Now, the engraving tells us stories, it tells us about the scratch army that Henry had on Southsea Common, and here we have a chap who’s probably Francois Van der Delft, the ambassador from Charles V’s court, he was coming down to inspect the army, and you can see he’s turned up on his fine white horse. It’s a bit like turning up to a battle on your Ferrari, or something like that. It’s splendidly reproduced in the engraving; an enormous amount of effort has been taken to hatch the lines. It took two years to create that engraving. It was very expensive, the Society of Antiquaries of London were not best pleased by the cost.

Ok, now back to the battle. Here we’ve got the French fleet, it’s a mass of ships, ranged around the eastern end of the Isle of Wight. And the English certainly were decidedly concerned that they were there, and preparations had been made all around Portsmouth, including building temporary fortifications with these gabions here, and guns mounted behind them to see off the attackers.

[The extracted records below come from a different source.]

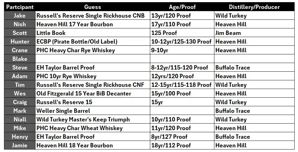 There’s a good split between Heaven Hill (7), Wild Turkey (4) and Buffalo Trace (3) guesses. As for the one Jim Beam guess, I’ve always thought it tastes pretty similar to both WT and HH, so you can see a theme building here. As for the other stats of age and proof, we can see the group is pretty solidly landing in the double digit age statements and a proof that’s likely above 110 and more than likely above 120. So what kinds of tasting notes did they find and will those get us any closer?
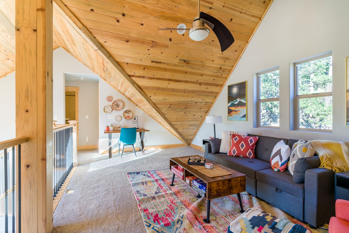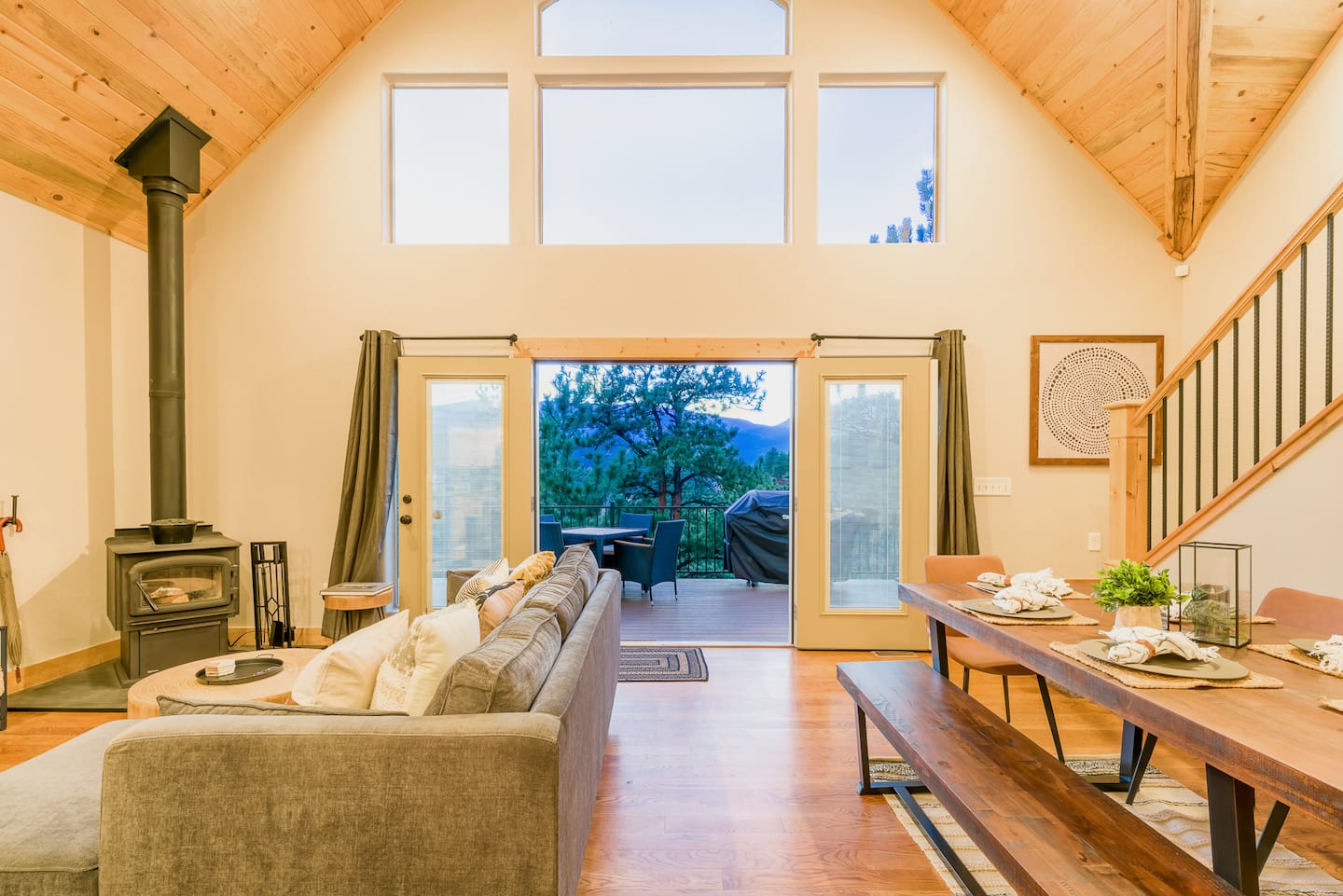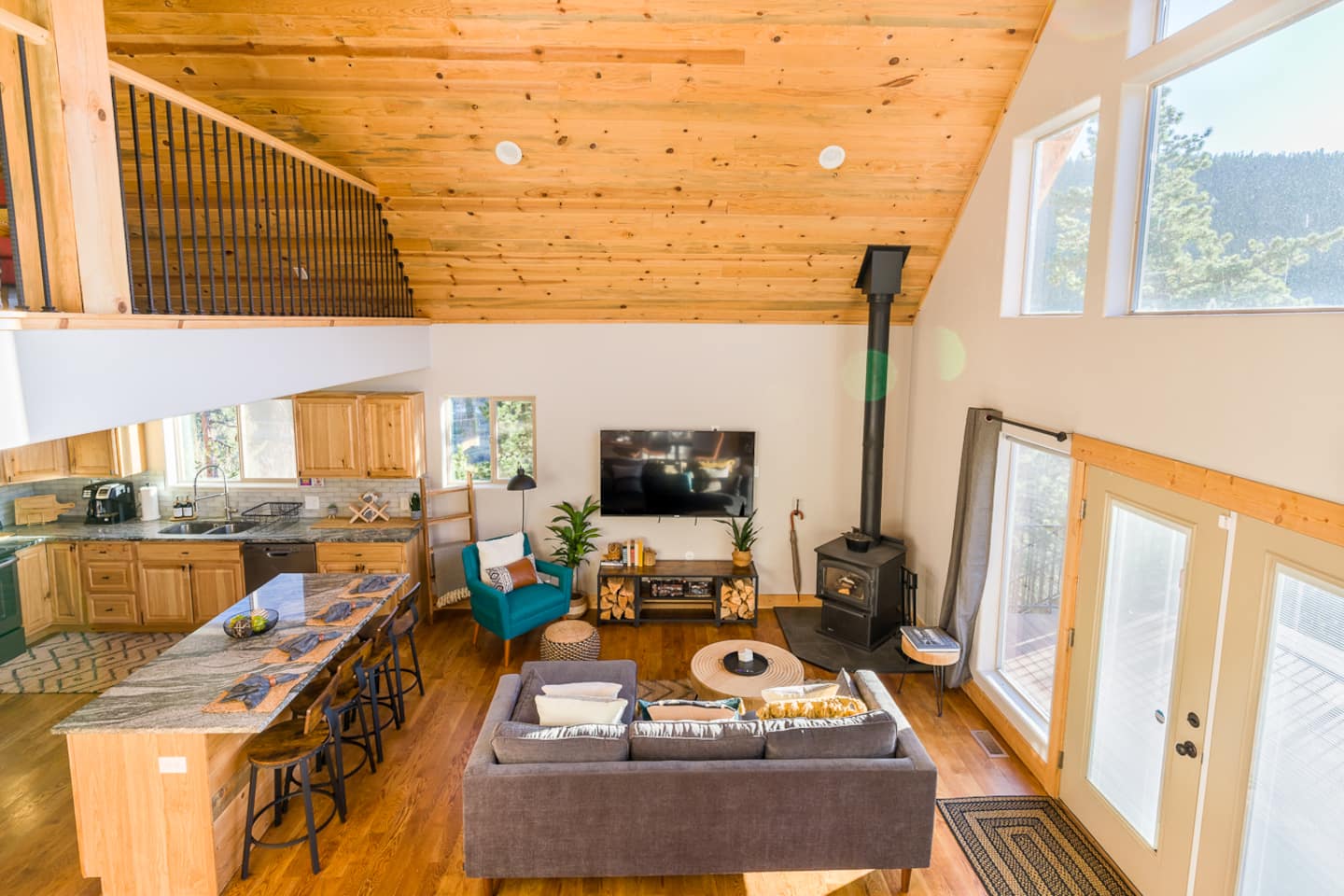 The cabin sits in a quiet mountain community just 15 minutes from downtown Bailey, where you’ll find local dining, cafés, and breweries. Hiking, fishing, biking, and ATV trails are close by, with Staunton State Park, Red Rocks Amphitheatre, and Breckenridge all within a drive.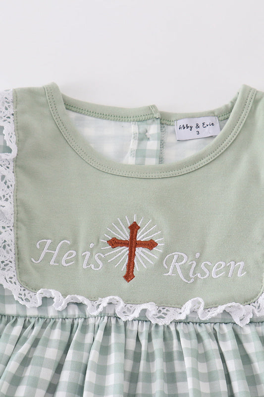 Sage easter he is risen cross embroidery girl set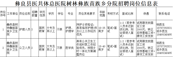 护理人员3名,公卫人员2名。具体岗位要求见彝良县医共体总医院树林彝族苗族乡分院招聘岗位信息表。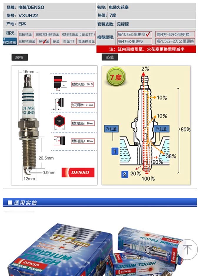 电装VXUH22依铂金火花塞,0.4mm极细依金中心电极,侧电极白金晶片焊点耐久性很高,内置5K欧姆的高电阻抗干扰。日本本土销售产品为绿色包装,国内产品为蓝色包装。群友反应此款火花塞动力表现异常出色,不过价格较贵。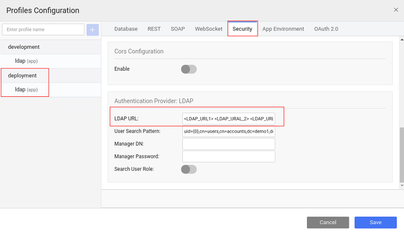 . For deployment profile, you can specify multiple LDAP server URLs, if required, by providing the multiple LDAP URLs as space-separated values, from the security tab of the Profile Configuration.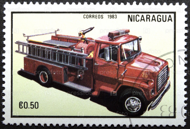 Почтовая марка с гашением Никарагуа 1983 год. Пожарная машина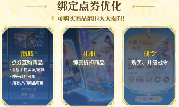 为什么王者荣耀策划这么早就曝光S41赛季的内容,主要还是对自己的调整很有信心啊。的确,王者荣耀宣布的新版本中,估计玩家都很期待吧,甚至S41将会有回归热潮,只因官方三个小心机,最后一个让百万玩家等了九年之久啊。其实呢,王者荣耀的小心机还是蛮多的,这次官宣S41赛季的绑定点券优化,主要是新增了用途。没错,新赛季的绑定点券,可以用来商城道具和神秘商店可用,另外礼册折扣的商品,以及荣耀战令升级,也都可以用绑定点券来用哦。这个改动,让绑定点券的用途更加广泛,而且价值也提升了不少哈。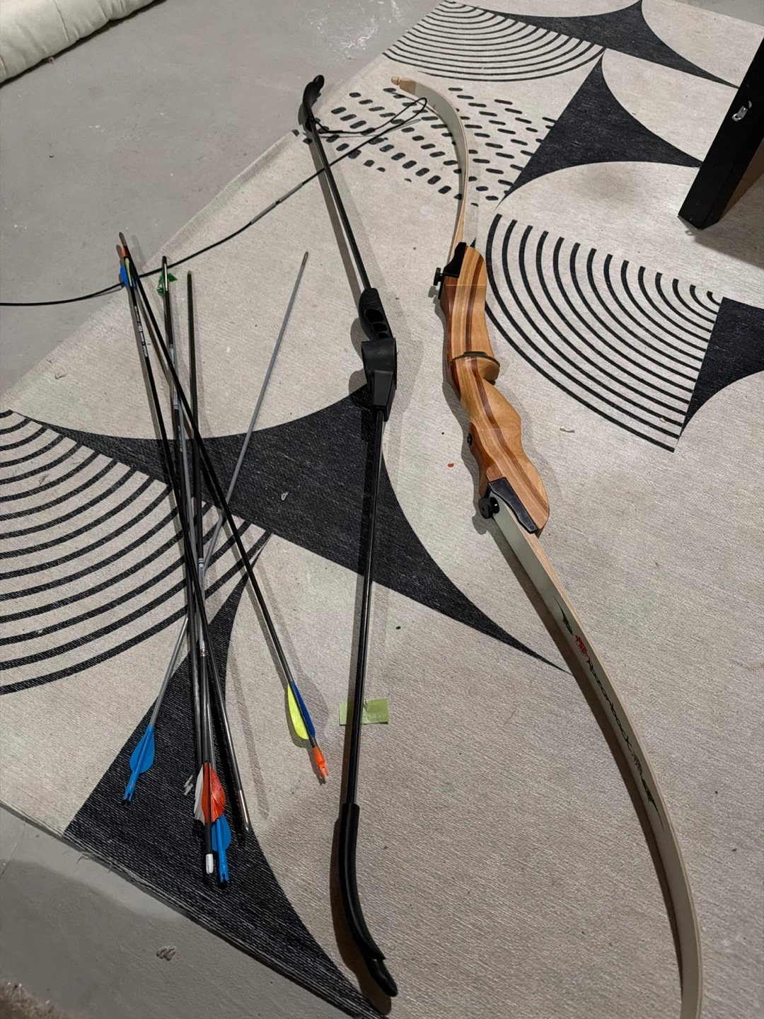 This is a set including a traditional wooden recurve bow and several arrows. The bow has a light-coloured wood riser and a dark limb. It comes with a variety of arrows with different fletching colours, including blue, red, and yellow. Perfect for beginner archers!
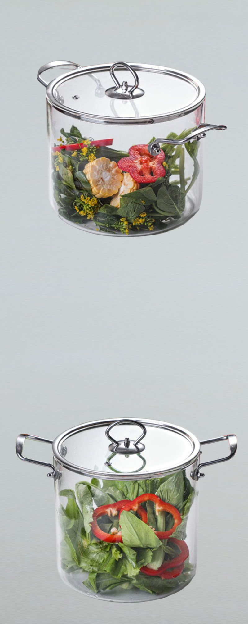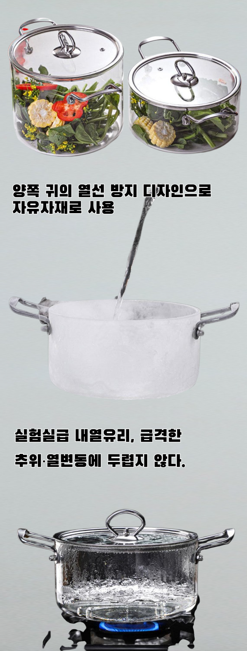 고붕소 실리콘 쌍귀 유리솥, 내열성 우수, 투명 디자인, 위생적 사용, 실리콘 손잡이로 안전성 강화, 다양한 요리에 적합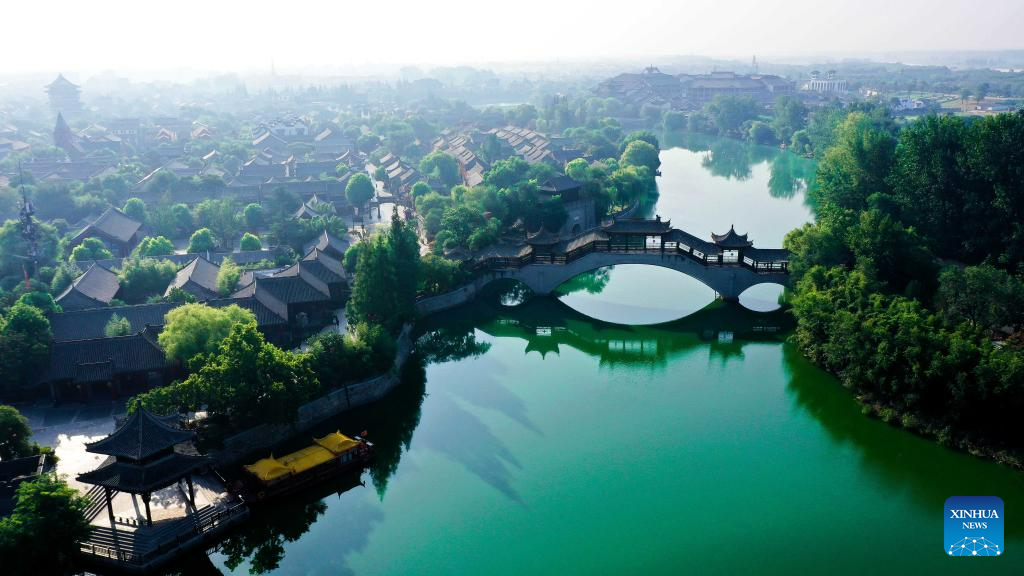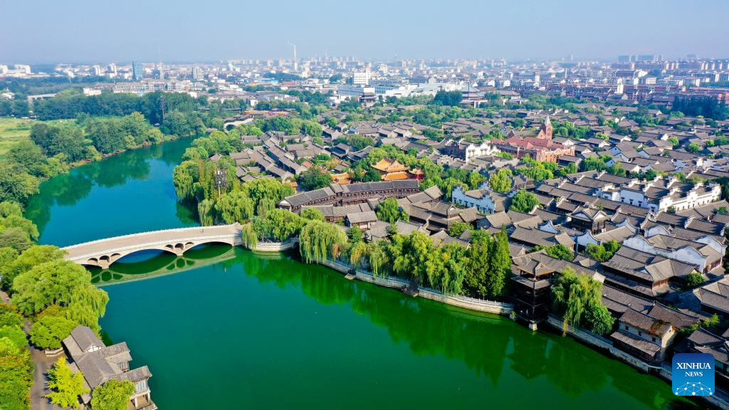 This aerial photo taken on Aug. 10, 2023 shows a view of the Taierzhuang ancient town along the Beijing-Hangzhou Grand Canal in Taierzhuang District of Zaozhuang City, east China's Shandong Province. The Grand Canal, a vast waterway connecting the northern and southern parts of China, flows through Zaozhuang City. In recent years, Taierzhuang District of Zaozhuang has been making every effort to promote ecological construction along the canal. (Xinhua/Guo Xulei)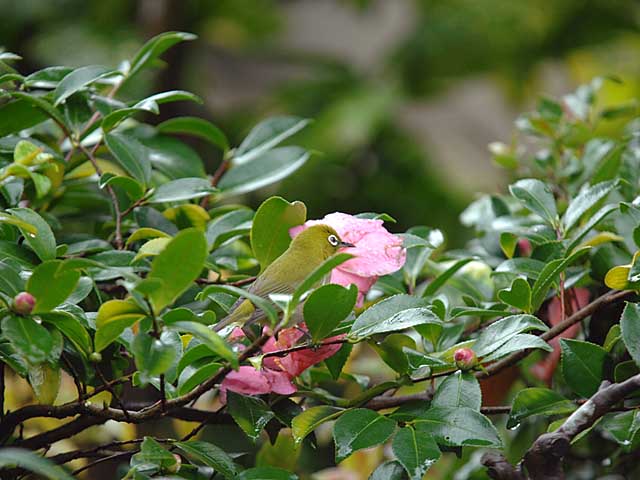 お風呂あがりは咲き始めたばかりのサザンカでおやつです。

And we can tie in these details in together with the historic maps that exist of Portsmouth. Portsmouth was the first town or city in England to be mapped to scale. It was mapped first in 1545. This map shows Portsmouth in plan form [shows image], it shows fortifications, and some proposals for additional works that should be done to the fortifications in order to improve them. But it’s got a great deal of detail in there about other aspects of the town.

In 1552, when Edward VI came to visit Portsmouth another map was created, presumably for discussions with the then King about how improvements to the fortifications in Portsmouth might then be made, and again it [shows image] shows us the fortifications, the narrow harbour entrance, the Round Tower, the Square Tower, and the forts on the Gosport shoreline, and so on. And again in 1584 [shows image], for Elizabeth I. This one is quite remarkable because it includes an overlay, it’s a piece of Tudor ‘Geographic Information Systems’ to show the proposals for building new walls in part of the town.

And it also shows some really quite interesting details, and this map, the 1584 map, has annotations on it, labels, those were the four brew-houses that were built in 1515 for Henry VIII, they are The Dragon, The Lion, The White Hart and The Rose. And you can see that they’re grouped around a pond in the middle. That was probably the fresh-water spring to supply the water for the brewing process, and those breweries were churning out about 500 barrels of beer a day, each. That’s a lot of beer coming out of Portsmouth.

And we can compare the details with the 1552 map, and the 1545 map, and then compare these details with what’s shown in that location on the Cowdray Engraving. So there we’ve got: four brew houses around a pond [shows image], four brew houses around a pond, and in the Cowdray Engraving four brew houses over the top of a pond.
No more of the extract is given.